Based on our analysis of the study data collected, it appears that NUPM promotion via Twitter is occurring frequently for specific keywords associated with a drug’s chemical or generic name and yields large-scale datasets that require the appropriate combination of analytical and computing tools to appropriately assess potential behavioral risk factors and online access. In comparison, the more indistinct use of NUPM street or popular names that includes descriptive or non-specific terms introduced more noise and far fewer relevant results compared to the generic name dataset. From a data collection standpoint, our 2-week period of study data yielded over 2 million tweets from both instances, with a total of 6.02% (n=145,593) determined relevant to NUPM behavior or promotion based on our use of supervised machine learning for content analysis.
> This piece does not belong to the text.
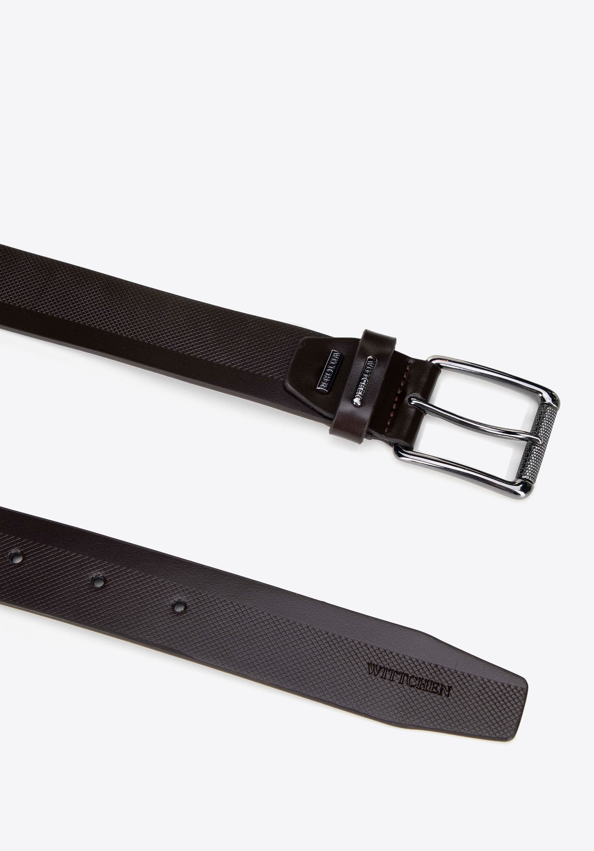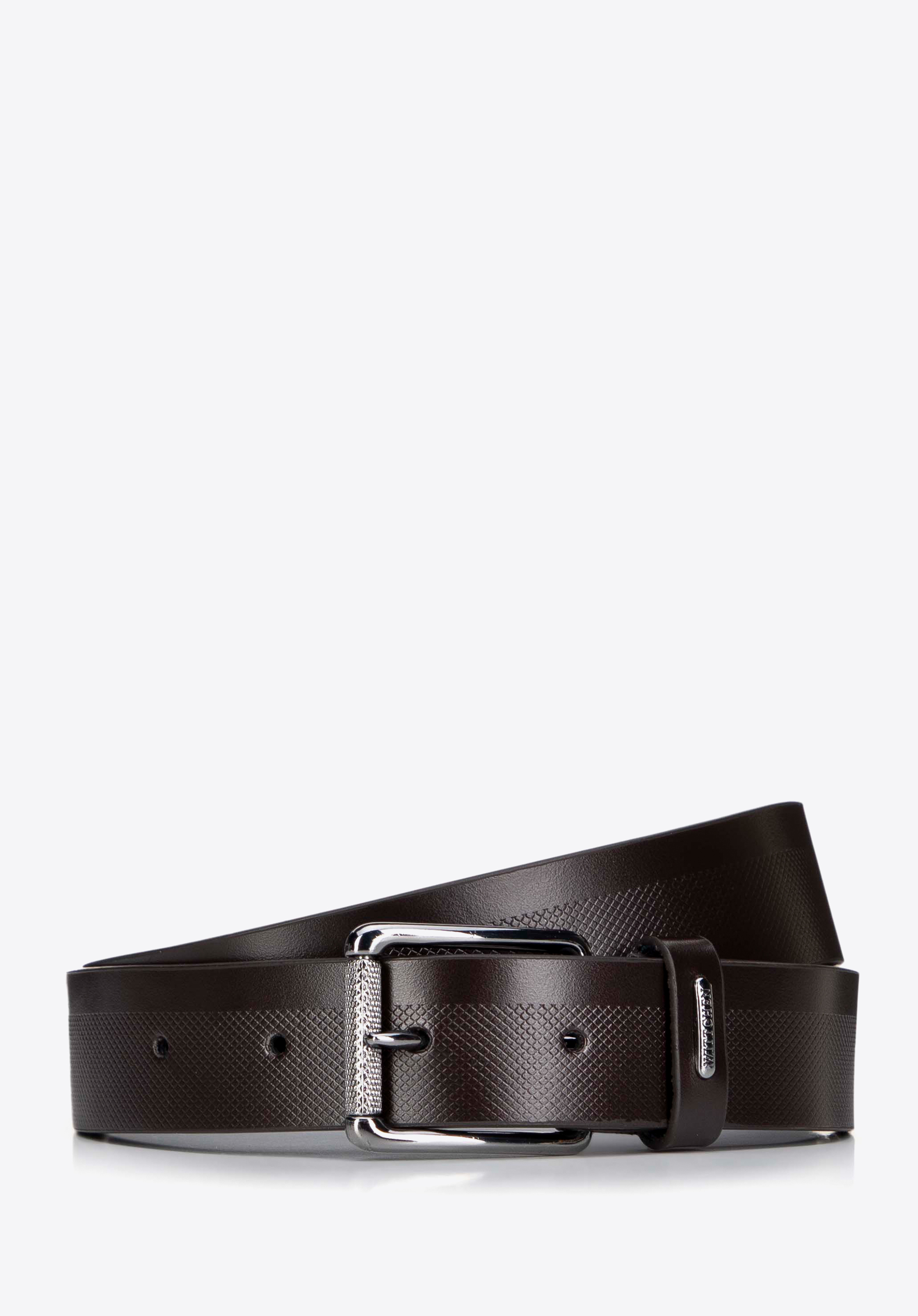 Skórzany męski pasek z geometrycznym wzorem dopełni stylizacje osób, które cenią klasykę przełamaną dyskretnym detalem, zarówno w biurze, jak i po godzinach. Naturalna skóra, regulowane dopasowanie i prostokątna klamra zapewniają wygodę, a subtelny wzór oraz tłoczone logo dodają całości nowoczesnej elegancji.
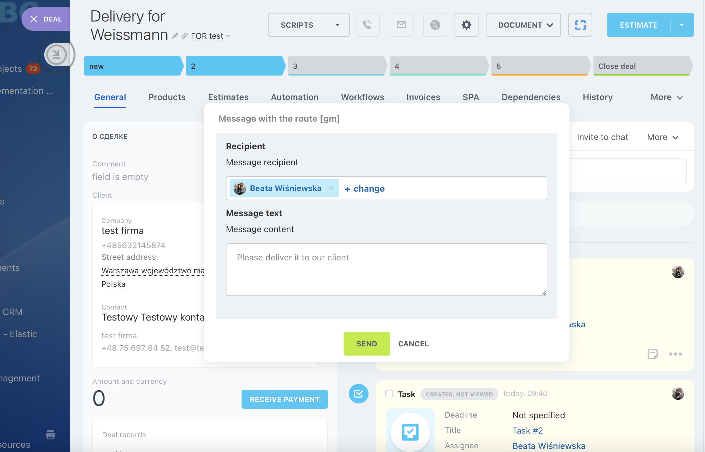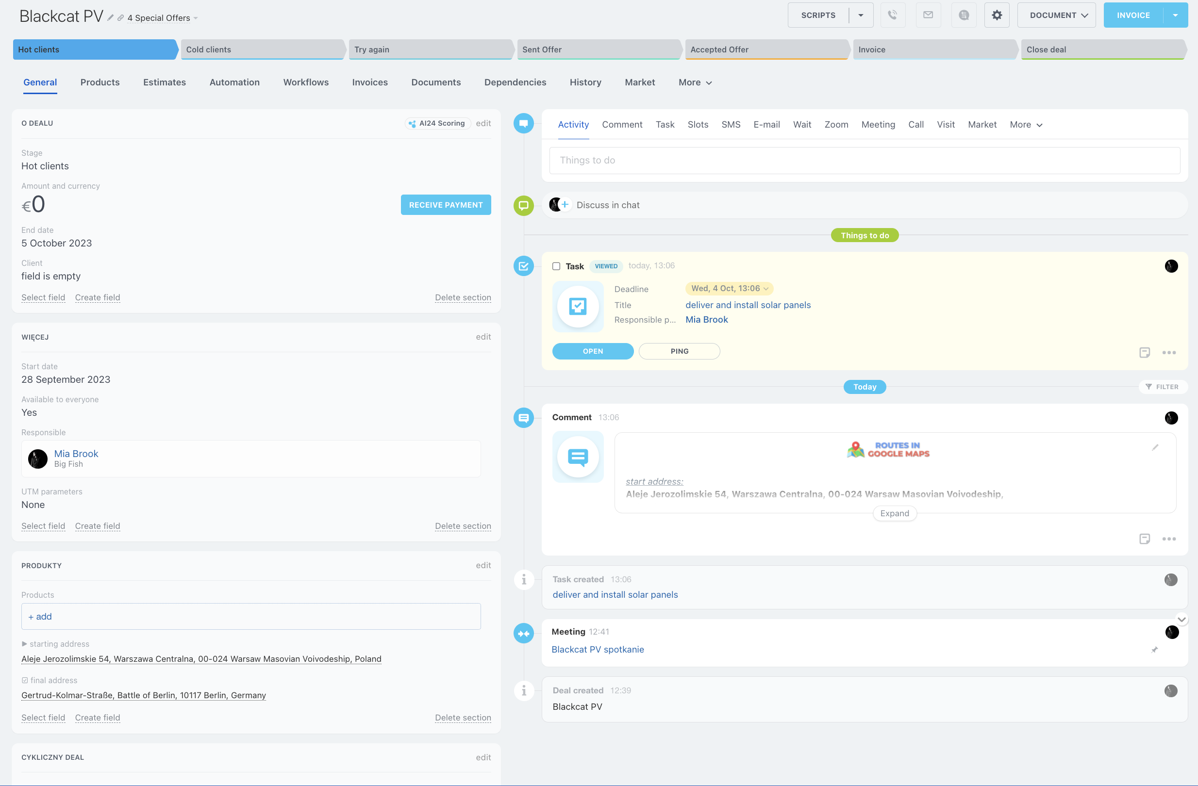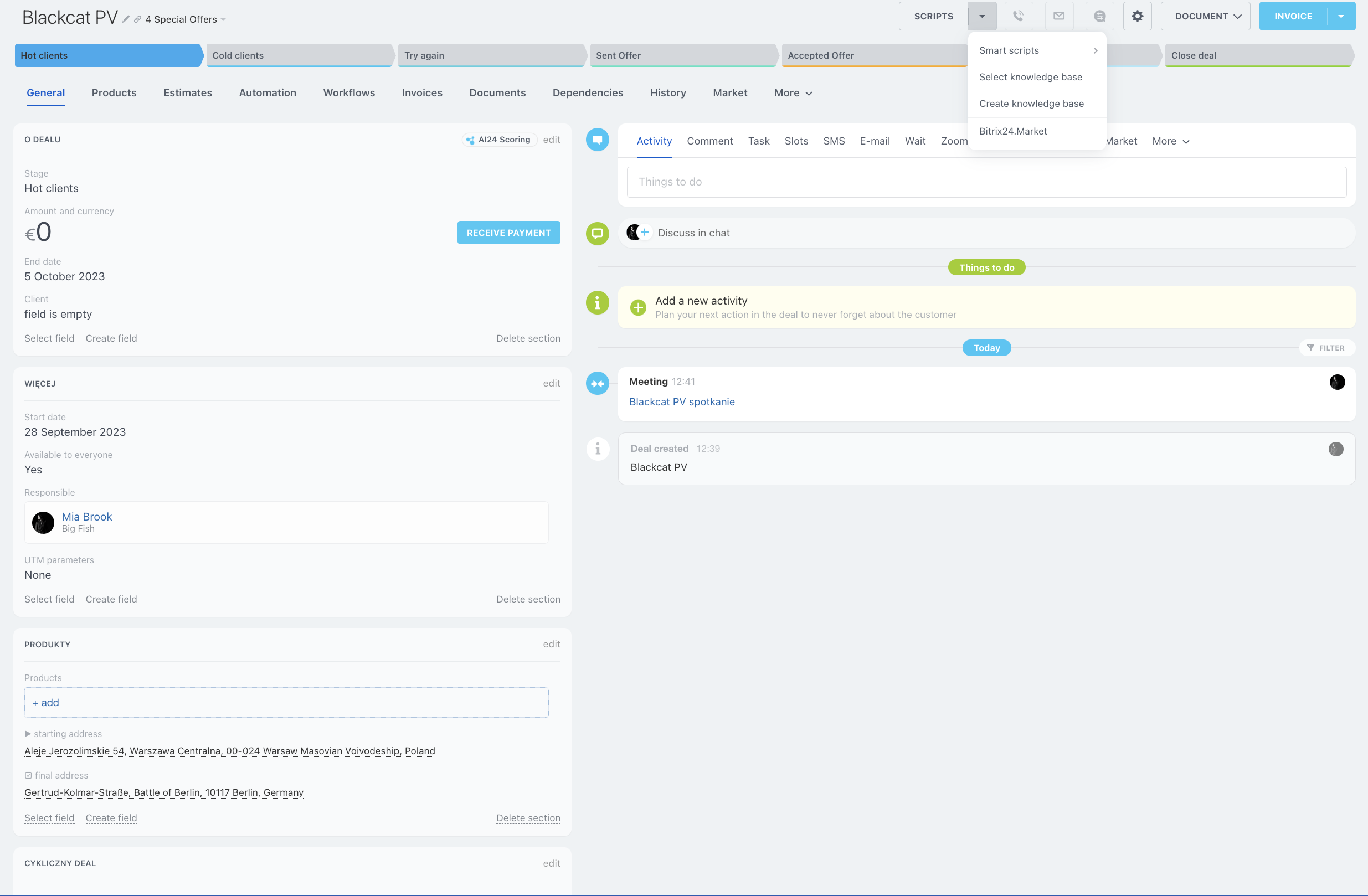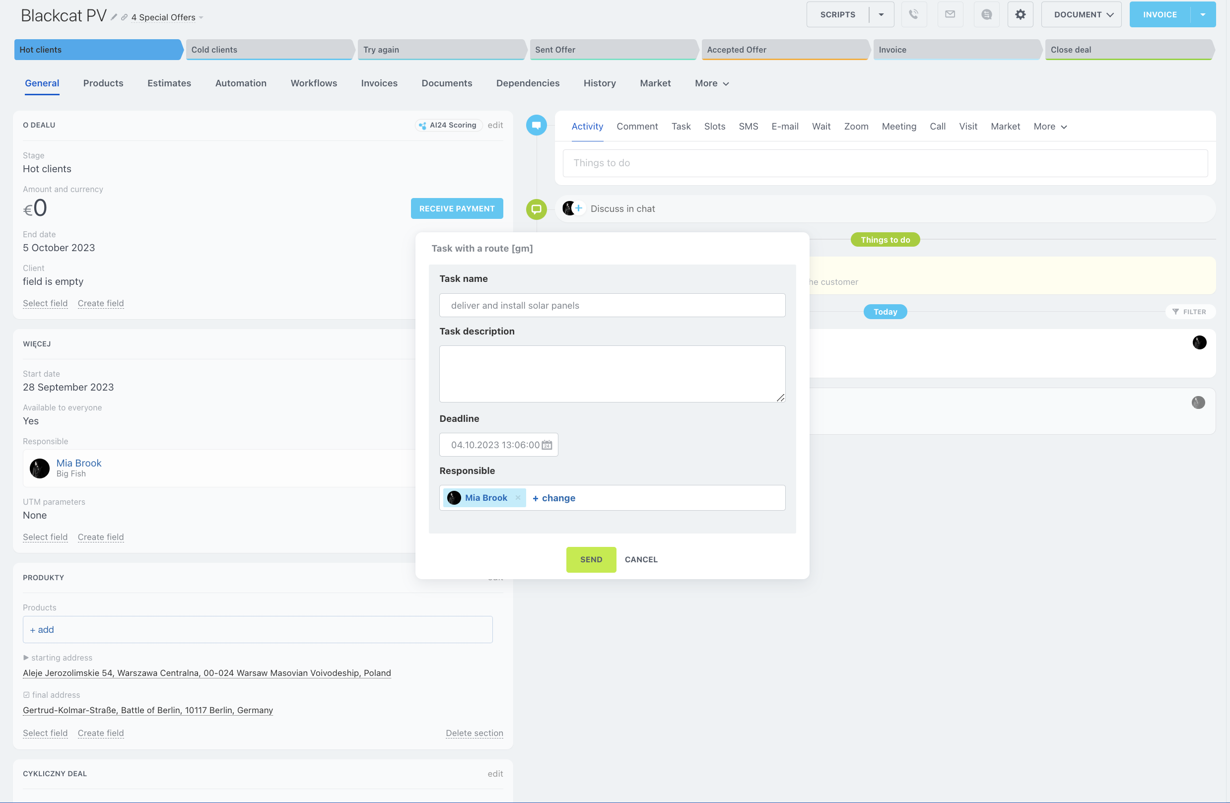 The smart script "Routes in Google Maps" allows you to create a route for two addresses in Google Maps in Bitrix24 deals. Set tasks for employees with a built route.

Our most concerning finding was that in the generic name instance, a significant percentage (33.37%, n=45,317) of the machine classified NUPM relevant content originated from a highly propagated live hyperlink to a marketing affiliate that provided direct access to prescription drugs of abuse through an illegal online pharmacy. The marketing affiliate site advertises the online sale of several drugs of abuse, including Ativan, Ambien, Lunesta, Valium, and Xanax, among other classes of prescription drugs. The tweets for this hyperlink varied slightly in content, but all blatantly advertised the sale of Valium (eg, “RT @[username anonymized]: Valium Online Without Prescription [URL]” or “RT @[username anonymized]: Where to Buy Valium Online [URL]”) and were retweeted by a large network of Twitter accounts potentially exposing hundreds of thousands of Twitter users to NUPM promotion and access. As a Drug Enforcement Agency Schedule IV controlled substance, the online sale of Valium and other drugs that carry the potential for abuse and dependence, is in direct violation of the Ryan Haight Online Pharmacy Consumer Protection Act, a federal law named after a San Diego Teen who lost his life after overdosing from illegally purchasing prescription pain killers online [1,6].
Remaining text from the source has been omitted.